Wow, $3.2-billion (U.S.) is an awful lot to spend on a maker of beautiful thermostats. Unless, of course, you are Google Inc., the company that is becoming so large, with such grand ambitions, that it may justify being named for the number 10 to the hundredth power.
Google’s latest acquisition, the maker of those beautiful thermostats, is called Nest Labs. To be fair, the devices are said to be quite a marvel: They learn your home routine, program themselves, and can be controlled via smartphone. (In the market for a thermostat myself, I recently passed on the $250 Nest for a $25 programmable Honeywell.)
The deal seems like folly until you realize that Google now has a market capitalization of $384-billion and $55-billion in cash on hand. That valuation, and that cash pile, is not because of Google Glass eyewear, or the driverless car, or the robots, thermostats, or whatnot. It’s because Google’s one great, original idea – the world’s best Internet search engine – has given it the luxury of dabbling in all sorts of futuristic ideas that can seem like nonsense.
Or, more importantly for investors, that one great idea is practically on autopilot, racking up sales gains of 20 per cent quarter after quarter. Despite the eye-popping sticker price on Google’s shares – $1,148.62 at Wednesday’s close – you can buy one of the world’s great businesses for a perfectly reasonable amount and get all that weird stuff practically for free.
About that $1,000-plus price tag: Google’s perverse refusal to split its shares makes its stock seem expensive to even relatively sophisticated investors, even though it is not. Since analysts expect Google to post earnings per share over the next 12 months of about $50, according to Standard & Poor’s Capital IQ, its forward price-to-earnings ratio is just above 20.
For that, you get the business that continues to benefit most as advertising shifts away from traditional outlets like newspapers and television, and migrates online. In a recent Reuters Breakingviews article, Rob Cox and Richard Beales noted that had the U.S. newspaper industry grown from the year 2000 on at past rates, it would have had around $80-billion in ad sales today.
Instead, it had $18.9-billion in 2012; that $60-billion in “missing” revenue is roughly akin to what online search generates today – and Google has about $44-billion of it, from virtually nothing in 2000. In its third quarter, Google reported 22 per cent sales growth on the websites it owns; they contribute nearly two-thirds of the company’s revenue. “Partner sites” provide another 20 per cent, or so. “Paid clicks” on ads on Google and partner sites grew 26 per cent, year-over-year, in the quarter.
Shawn Milne of Janney Capital Markets, who has a “buy” rating and a fair-value estimate of $1,220 per share, estimates the global Internet advertising market is $120-billion and growing at a rate of 15 per cent to 20 per cent per year.

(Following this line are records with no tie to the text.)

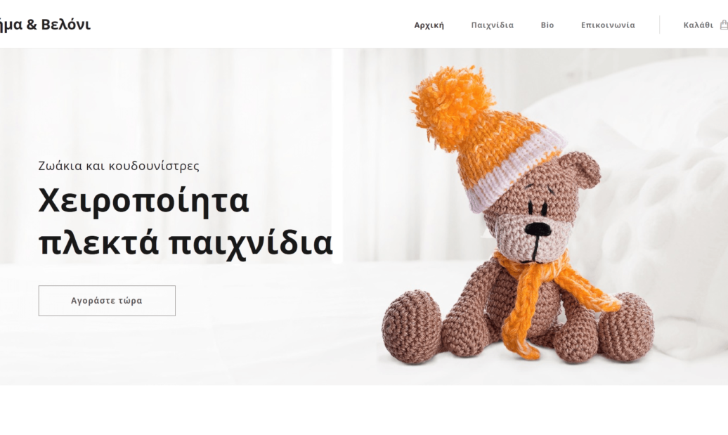Πάρτε το γάντζο σας! Τώρα μπορείτε να έχετε το τέλειο e-shop για τα παιχνίδια που φτιάχνετε. Χαριτωμένος σχεδιασμός, εύχρηστη σελιδοποίηση προϊόντων, εύκολη διαδικασία αγοράς – όλα αυτά εγγυώνται να βοηθήσουν τα παιχνίδια σας να φτάσουν στα χεράκια των πελατών σας γρήγορα και εύκολα.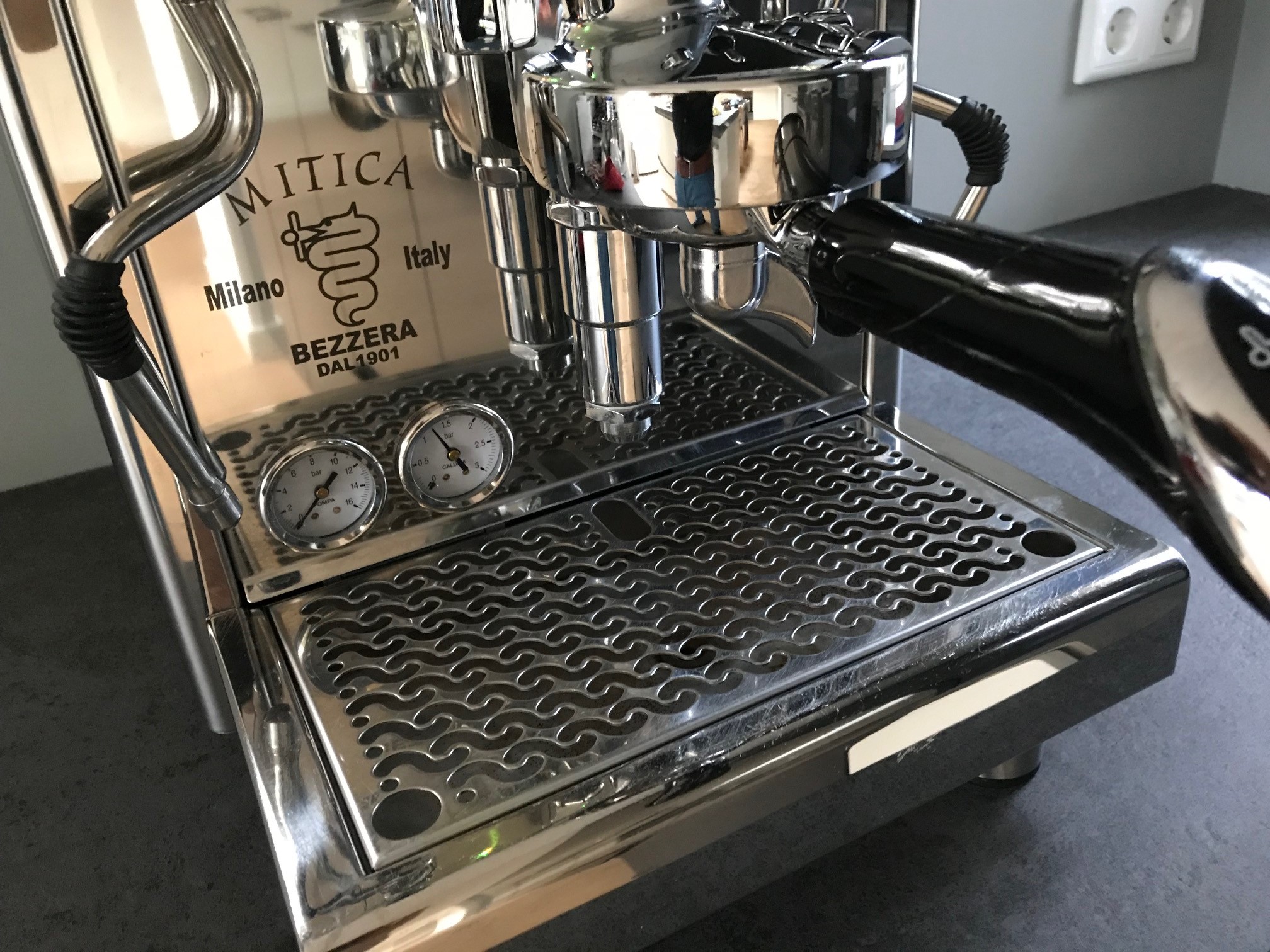 De OPV is terug gezet naar 9bar voor wat minder druk. De OPV is ook gesmeerd, dus heeft niet meer het Bezzera kwaaltje van het fluitende geluid.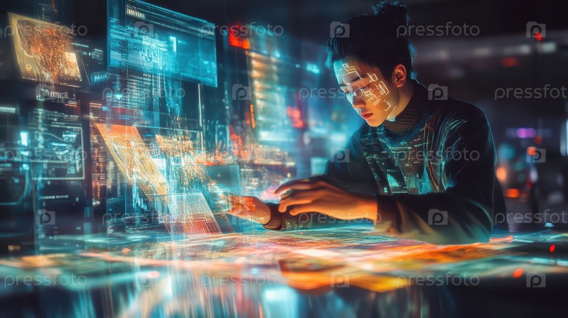 Киберпанк-хакер работает над голографическим интерфейсом в футуристической лаборатории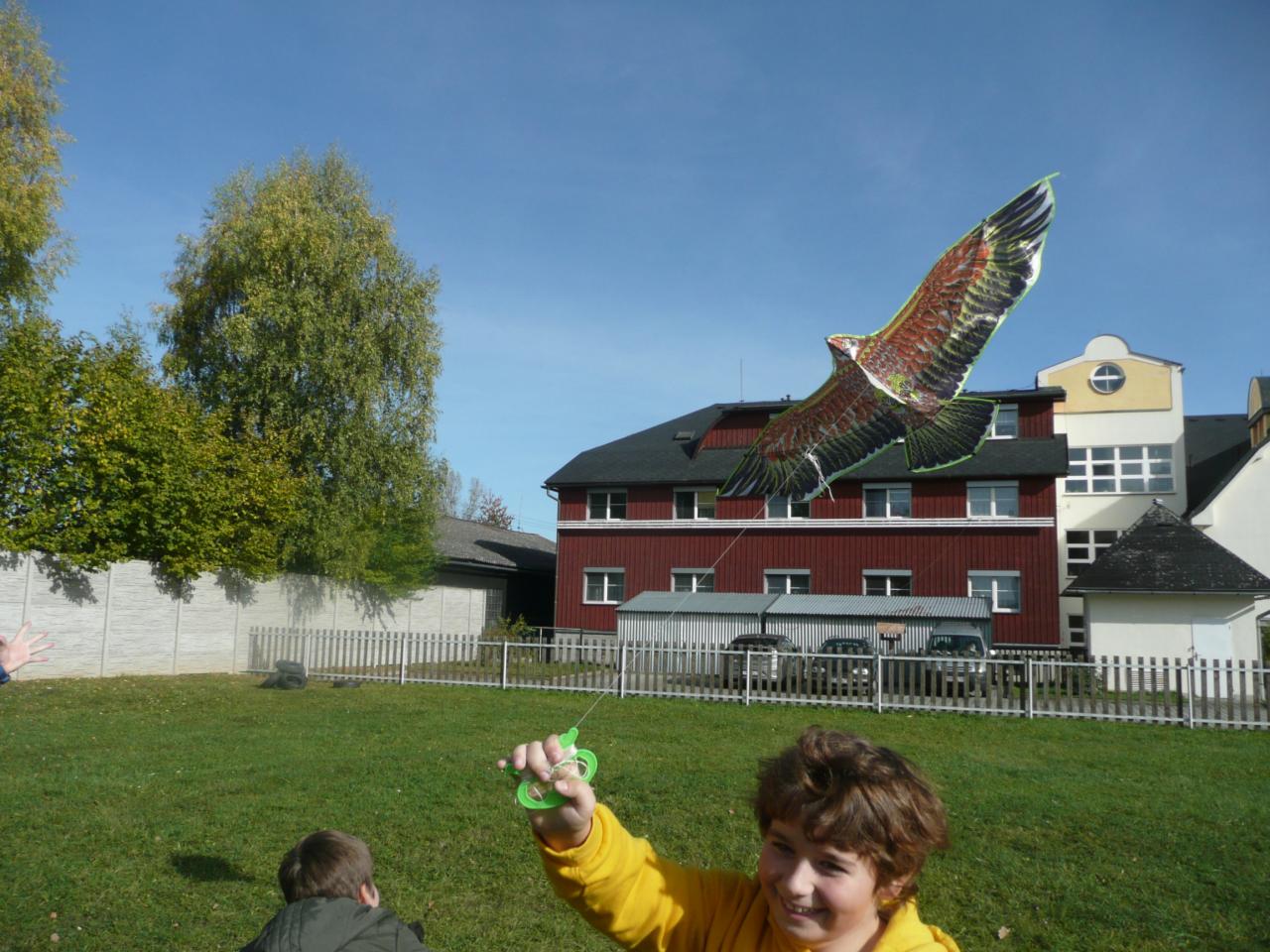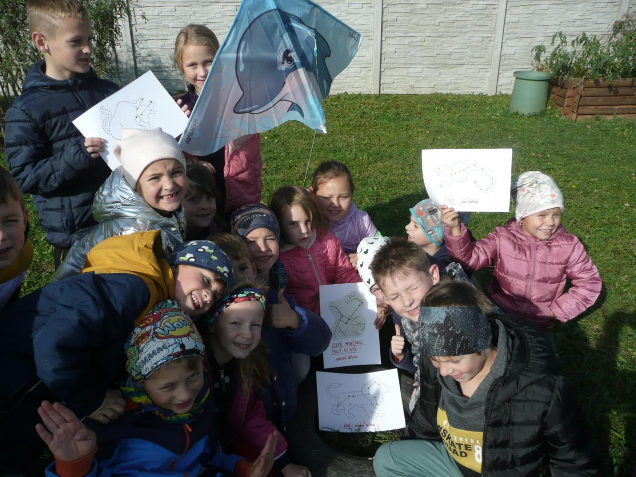 Krásný slunečný podzim umožnil dětem ze školní družiny spoustu pohybu a nejrůznějších aktivit na školní zahradě. Při tradiční soutěživé Drakiádě letošní účastníci propojili běh, zručnost i smyslové vnímání. I. oddělení družiny provázalo akci se svojí celoroční hrou „Vzhůru ke hvězdám“. Jejich drak s obrázkem zvířecího souhvězdí Delfína vzlétl k nebesům a po splnění zadaných úkolů vždy bezpečně přistál na planetě Zemi. Děti z II. oddělení si mimo různorodé soutěžení vyrobily papírové dráčky a vyzdobily s nimi družinu. No a ti nejstarší přivítali především nevšední pohyb a zábavné odpoledne.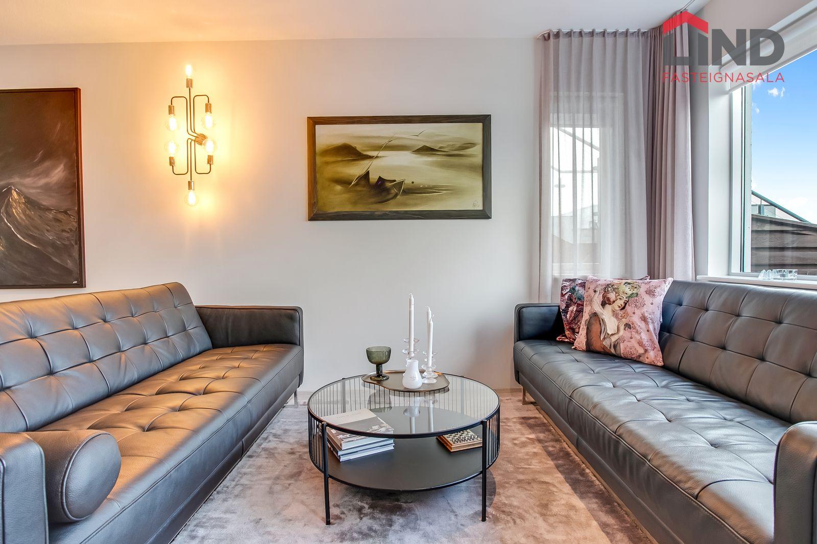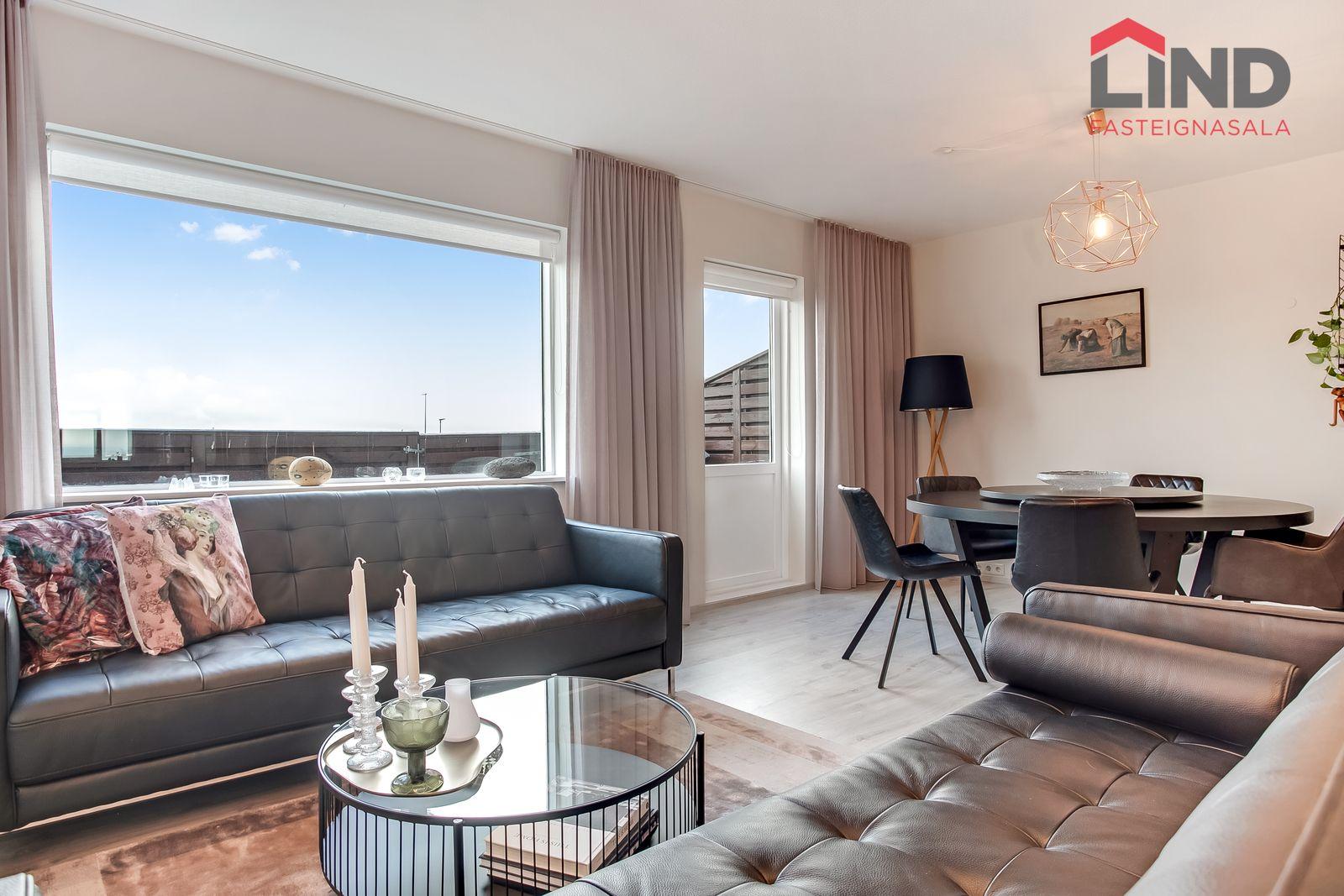 Stofa-borðstofa með parket á gólfi og er mjög opin og björt og útgengt er á suðurpall. Auðvelt er að útbúa fjórða svefnherbergið þar sem núna er sjónvarpshol.

Google has the “dominant position in search” and will provide even more advertising solutions, including for mobile phones.
The rest of it, to use jargon, is what they call “optionality.” In a September note about Google Glass, analyst Robert Peck of SunTrust Robinson Humphrey said investors “are paying for and focusing on the core, getting [Glass’s] upside potential ‘for free.’”
Mr. Peck thinks Google Glass could be worth $3-billion to the company by 2017. He also said this week that he believes Nest could add $3-billion in sales and $1.3-billion in gross profits by 2017, assuming 5 per cent of the homes in the United States buy the $250 Nest thermostat and two of the company’s new $140 smoke alarms.
With all due respect to Mr. Peck, I don’t think either of those things will come true, actually. But at Google’s current valuation, it doesn’t cost much of anything for Google, or investors, for that matter, to take a flyer on any of these ideas.